EXTRACTED DATA below:

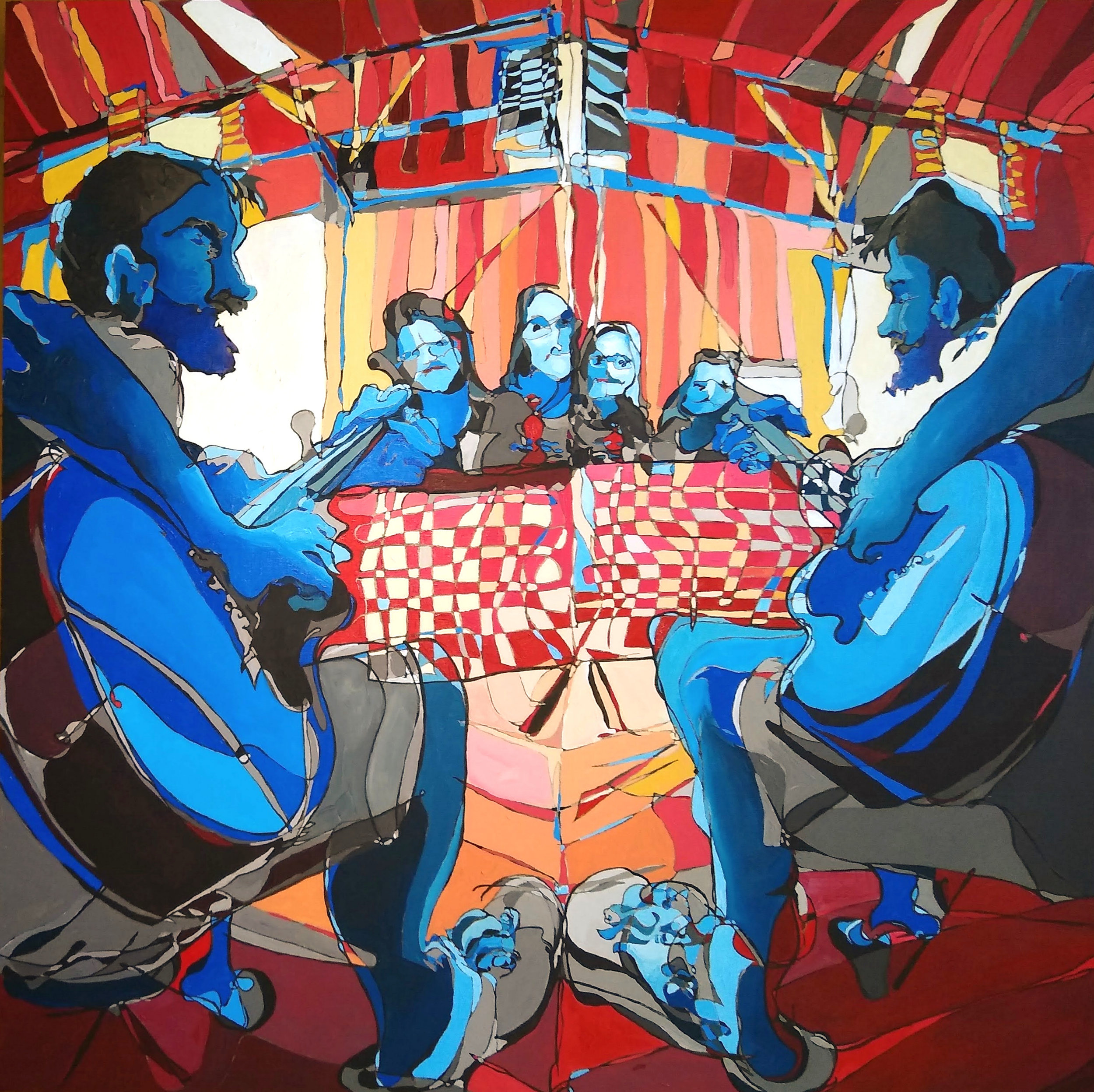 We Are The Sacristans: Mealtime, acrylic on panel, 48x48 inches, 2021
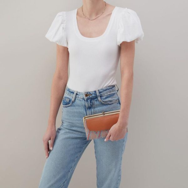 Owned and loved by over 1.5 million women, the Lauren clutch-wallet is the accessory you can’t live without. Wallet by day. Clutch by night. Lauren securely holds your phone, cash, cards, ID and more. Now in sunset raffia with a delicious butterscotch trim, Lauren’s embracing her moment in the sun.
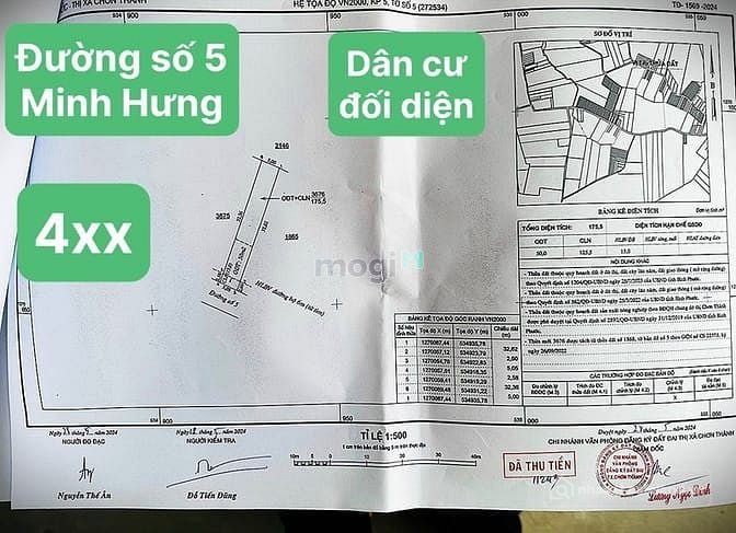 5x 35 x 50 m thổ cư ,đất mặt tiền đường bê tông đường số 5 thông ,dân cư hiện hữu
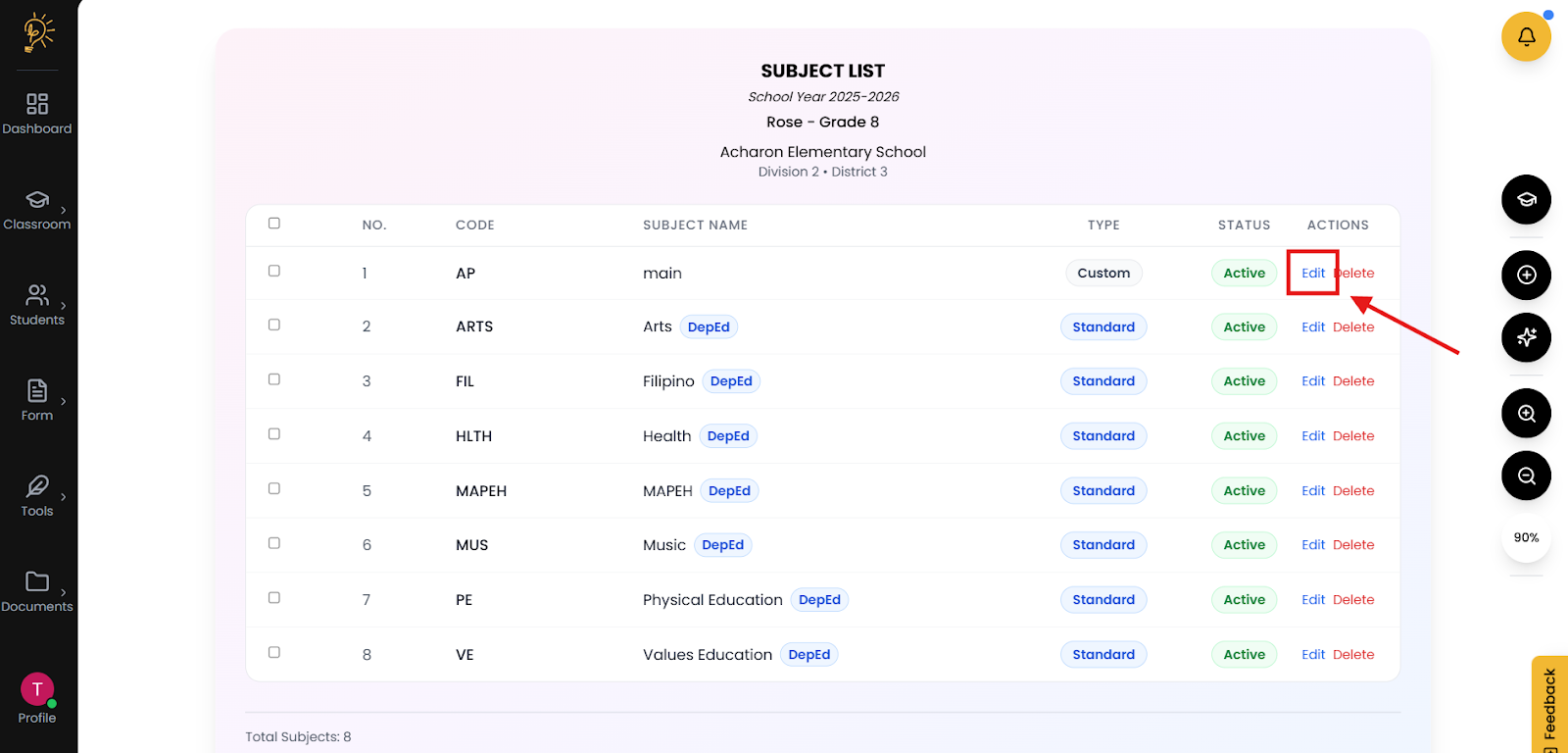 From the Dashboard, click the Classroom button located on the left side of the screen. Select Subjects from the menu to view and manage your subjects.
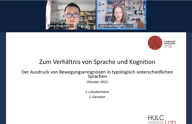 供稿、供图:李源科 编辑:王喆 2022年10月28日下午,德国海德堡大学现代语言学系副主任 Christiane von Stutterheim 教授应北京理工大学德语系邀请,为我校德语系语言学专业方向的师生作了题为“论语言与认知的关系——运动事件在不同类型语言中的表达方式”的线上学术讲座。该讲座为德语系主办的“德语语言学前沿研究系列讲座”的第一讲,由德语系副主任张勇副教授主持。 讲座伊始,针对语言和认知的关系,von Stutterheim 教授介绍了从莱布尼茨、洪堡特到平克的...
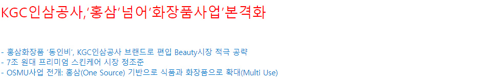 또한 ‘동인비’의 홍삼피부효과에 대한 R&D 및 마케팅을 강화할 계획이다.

End of EXTRACTED DATA.
EXTRACTED DATA below:

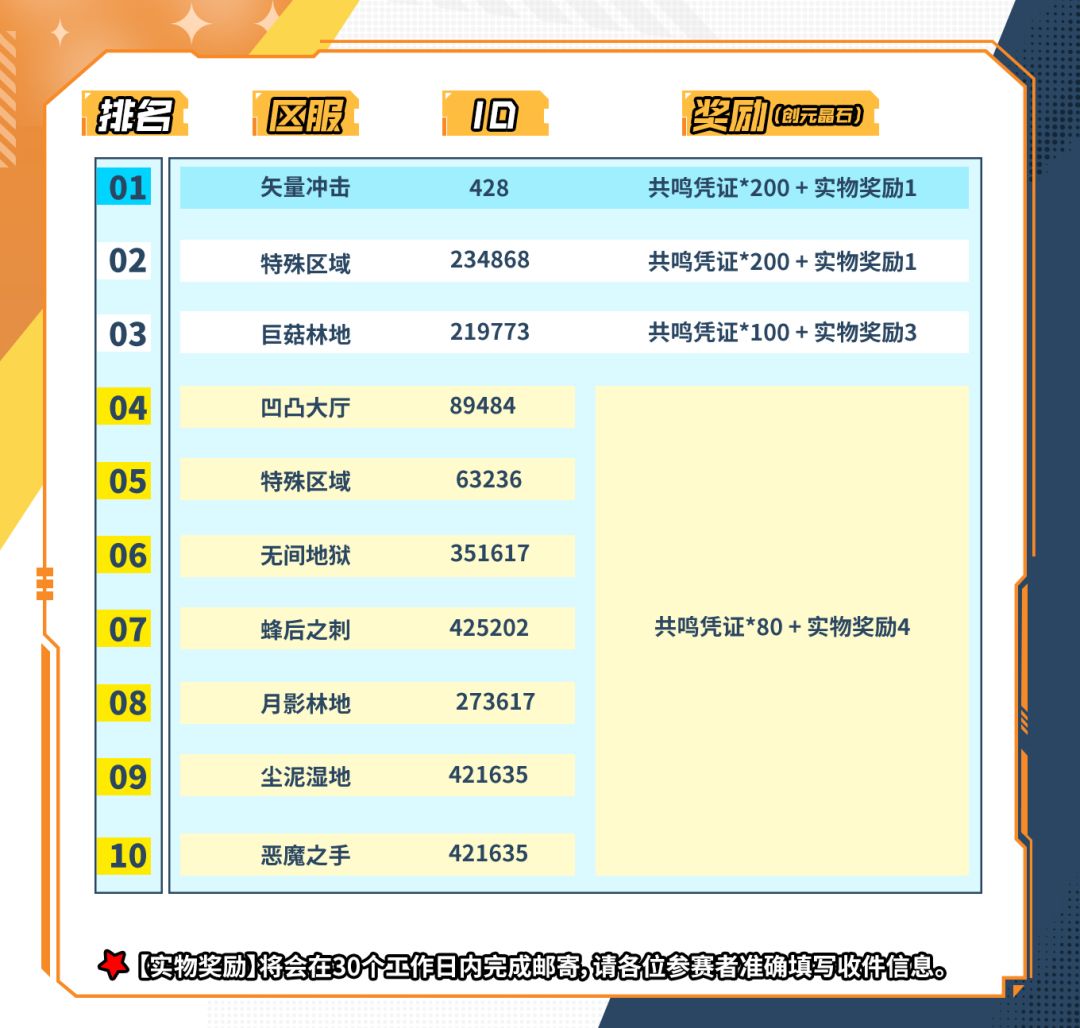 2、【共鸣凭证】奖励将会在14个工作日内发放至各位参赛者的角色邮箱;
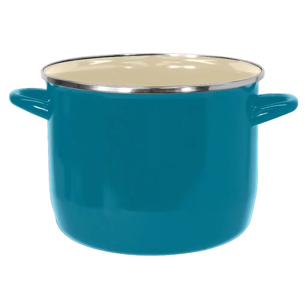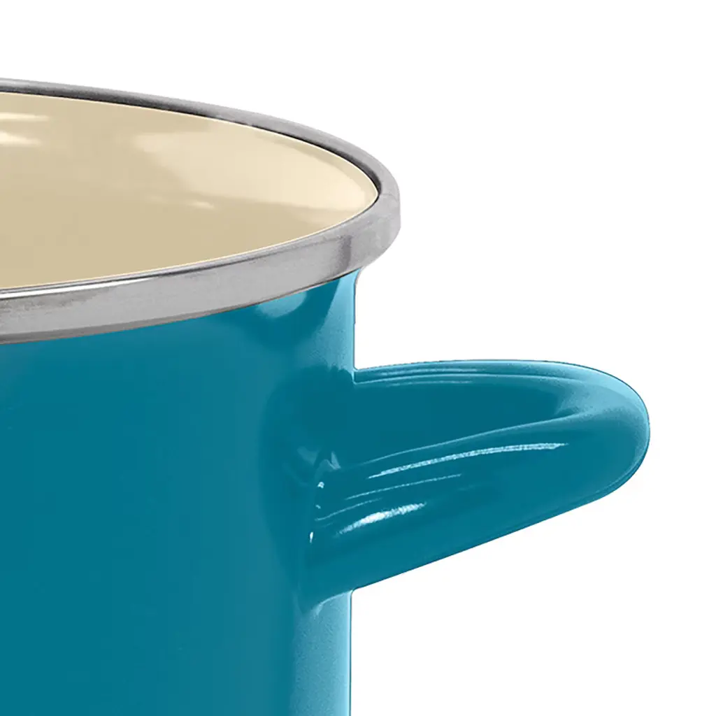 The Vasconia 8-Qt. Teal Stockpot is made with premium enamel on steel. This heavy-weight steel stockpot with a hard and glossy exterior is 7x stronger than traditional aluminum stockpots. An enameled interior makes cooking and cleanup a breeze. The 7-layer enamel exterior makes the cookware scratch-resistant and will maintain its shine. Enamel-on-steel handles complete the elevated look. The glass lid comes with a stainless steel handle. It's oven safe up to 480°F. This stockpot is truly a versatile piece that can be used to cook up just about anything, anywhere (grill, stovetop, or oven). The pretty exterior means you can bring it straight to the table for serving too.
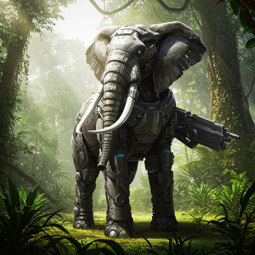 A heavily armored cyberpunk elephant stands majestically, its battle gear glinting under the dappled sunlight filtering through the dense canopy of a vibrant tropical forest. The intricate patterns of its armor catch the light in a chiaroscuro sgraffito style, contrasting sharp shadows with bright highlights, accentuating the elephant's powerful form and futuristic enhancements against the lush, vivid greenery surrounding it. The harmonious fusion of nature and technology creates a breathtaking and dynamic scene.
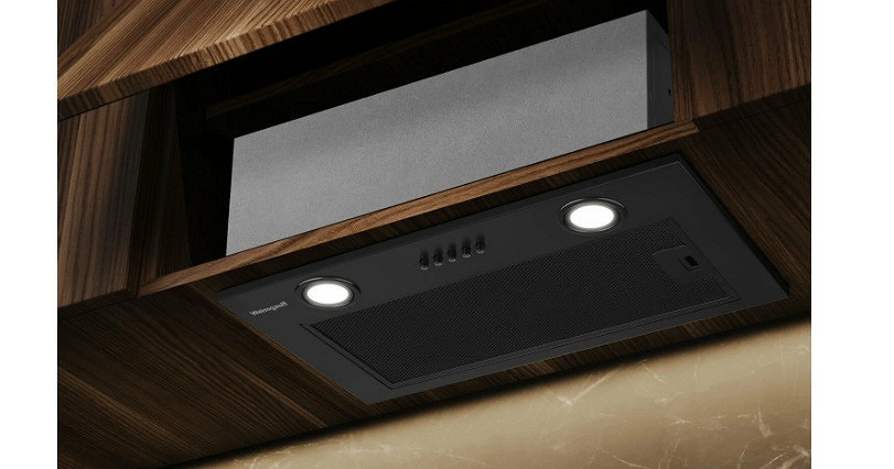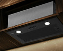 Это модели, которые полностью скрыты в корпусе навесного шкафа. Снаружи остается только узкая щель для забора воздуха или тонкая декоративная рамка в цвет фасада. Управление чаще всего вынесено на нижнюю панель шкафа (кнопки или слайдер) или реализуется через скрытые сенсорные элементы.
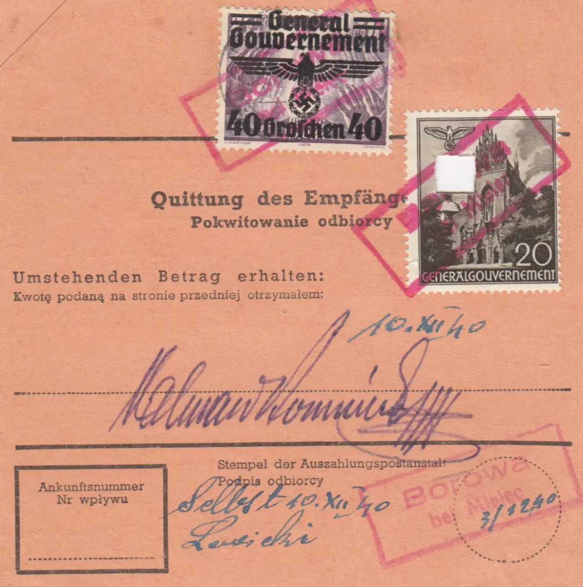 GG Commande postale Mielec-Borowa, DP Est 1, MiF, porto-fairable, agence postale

End of EXTRACTED DATA.

WHAT YOU HAVE TO DO: Copy nothing but the lines above that run from the one with "供稿、供图:李源科 编辑:王喆 2022年10月28日下午,德国海德堡大学现代语言学系副主任" to the one with "또한 ‘동인비’의 홍삼피부효과에 대한 R&D 및 마케팅을 강화할 계획이다.", ends included; pictures stay out.

ANSWER SPACE:
 供稿、供图:李源科 编辑:王喆 2022年10月28日下午,德国海德堡大学现代语言学系副主任 Christiane von Stutterheim 教授应北京理工大学德语系邀请,为我校德语系语言学专业方向的师生作了题为“论语言与认知的关系——运动事件在不同类型语言中的表达方式”的线上学术讲座。该讲座为德语系主办的“德语语言学前沿研究系列讲座”的第一讲,由德语系副主任张勇副教授主持。 讲座伊始,针对语言和认知的关系,von Stutterheim 教授介绍了从莱布尼茨、洪堡特到平克的...
 또한 ‘동인비’의 홍삼피부효과에 대한 R&D 및 마케팅을 강화할 계획이다.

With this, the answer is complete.